Problem Solving

Hello GMAT Beaters. First, thanks in advance for the response. Second, on the GMAT software I came upon a geometry question that goes as follows:

The perimeter of a certain isosceles triangle is 16 + 16(square root of 2). What is the length of the hypotenuse of the triangle?

I can't seem to figure out how they came up with the answer. Please help. Thanks.

The perimeter of a right angled isosceles triangle is: 2a + b where 2a are the 2 equal sides and b is the unequal side...

we have 16 + 16 (sq root 2).

Now I used the POE:

if 2a=16 a=8...then b = 16(sq root 2) doesnt make sense

if 2a= 16(sq root 2) a=8(sq root 2)...then b=hyp=16 makes sense.
you can get it from the 1:1:sq root 2 property of an isosceles right triangle or u can use Pythagoras theorem to solve to check.

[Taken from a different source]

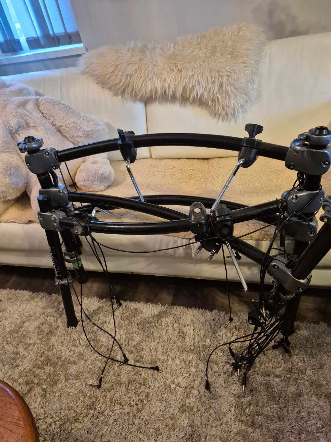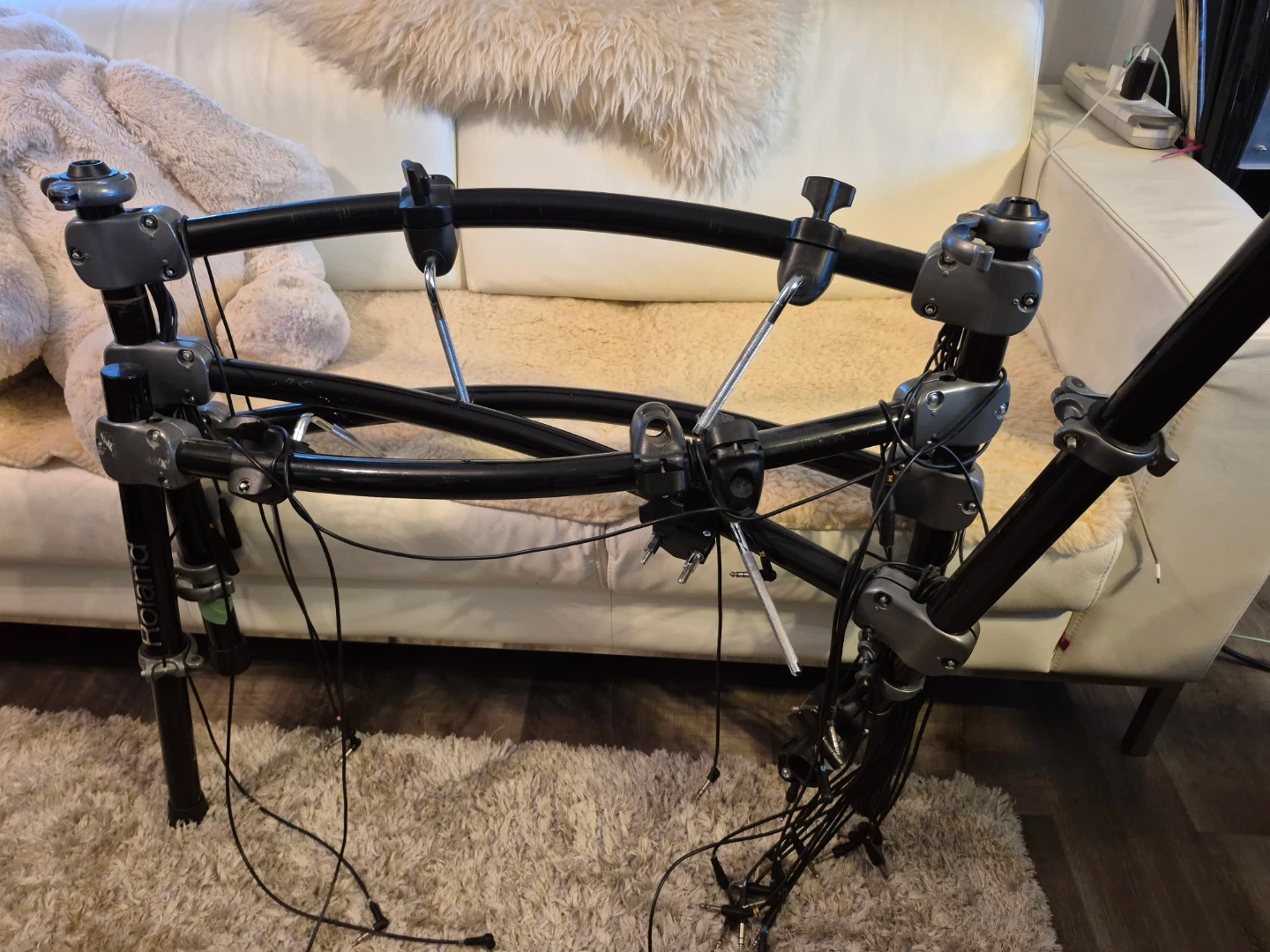 This is a Roland drum rack frame. It's made of durable metal and plastic components. The rack has multiple clamps and arms for mounting drum pads and cymbals.

Not sure if this is the standard approach.

crossingfingers wrote:The perimeter of a right angled isosceles triangle is: 2a + b where 2a are the 2 equal sides and b is the unequal side...

we have 16 + 16 (sq root 2).

Now I used the POE:

if 2a=16 a=8...then b = 16(sq root 2) doesnt make sense

if 2a= 16(sq root 2) a=8(sq root 2)...then b=hyp=16 makes sense.
you can get it from the 1:1:sq root 2 property of an isosceles right triangle or u can use Pythagoras theorem to solve to check.

Not sure if this is the standard approach.

Thanks crossing fingers but first what is POE? Second, why did you think that the first choice didn't make sense? Is it cause you tried the properties of isoscelese and it didn't work?

Also does anyone know how to do this algebraically cause I'm sure this will not be the exact question on the test and I want to understand the concept that I'm missing. Thanks.

oops...sorry...POE - process of elimination (am pretty much doing an either or)

yes...for the first choice applying Pythagoras theorem a^2 + a^2 = b^2...gives us sq root of (64 + 64) = 8(sq root of 2) which is not what's expected - 16(sq root of 2). Hence proceed to 2

what is the OA?

Does anyone know how to do this algebraically cause I'm sure this will not be the exact question on the test and I want to understand the concept that I'm missing. Thanks.

crossingfingers wrote:The perimeter of a right angled isosceles triangle is: 2a + b where 2a are the 2 equal sides and b is the unequal side...

we have 16 + 16 (sq root 2).

Now I used the POE:

if 2a=16 a=8...then b = 16(sq root 2) doesnt make sense

if 2a= 16(sq root 2) a=8(sq root 2)...then b=hyp=16 makes sense.
you can get it from the 1:1:sq root 2 property of an isosceles right triangle or u can use Pythagoras theorem to solve to check.

Not sure if this is the standard approach.

But where it is mentioned that the triangle is right angle triangle

farooq wrote:

crossingfingers wrote:The perimeter of a right angled isosceles triangle is: 2a + b where 2a are the 2 equal sides and b is the unequal side...

we have 16 + 16 (sq root 2).

Now I used the POE:

if 2a=16 a=8...then b = 16(sq root 2) doesnt make sense

if 2a= 16(sq root 2) a=8(sq root 2)...then b=hyp=16 makes sense.
you can get it from the 1:1:sq root 2 property of an isosceles right triangle or u can use Pythagoras theorem to solve to check.

Not sure if this is the standard approach.

But where it is mentioned that the triangle is right angle triangle

Sorry about that guys. I neglected to write that it was a right triangle. Crossingfingers was correct both in the answer and in that it was a right triangle.

What was the answer? You can put it in a spoiler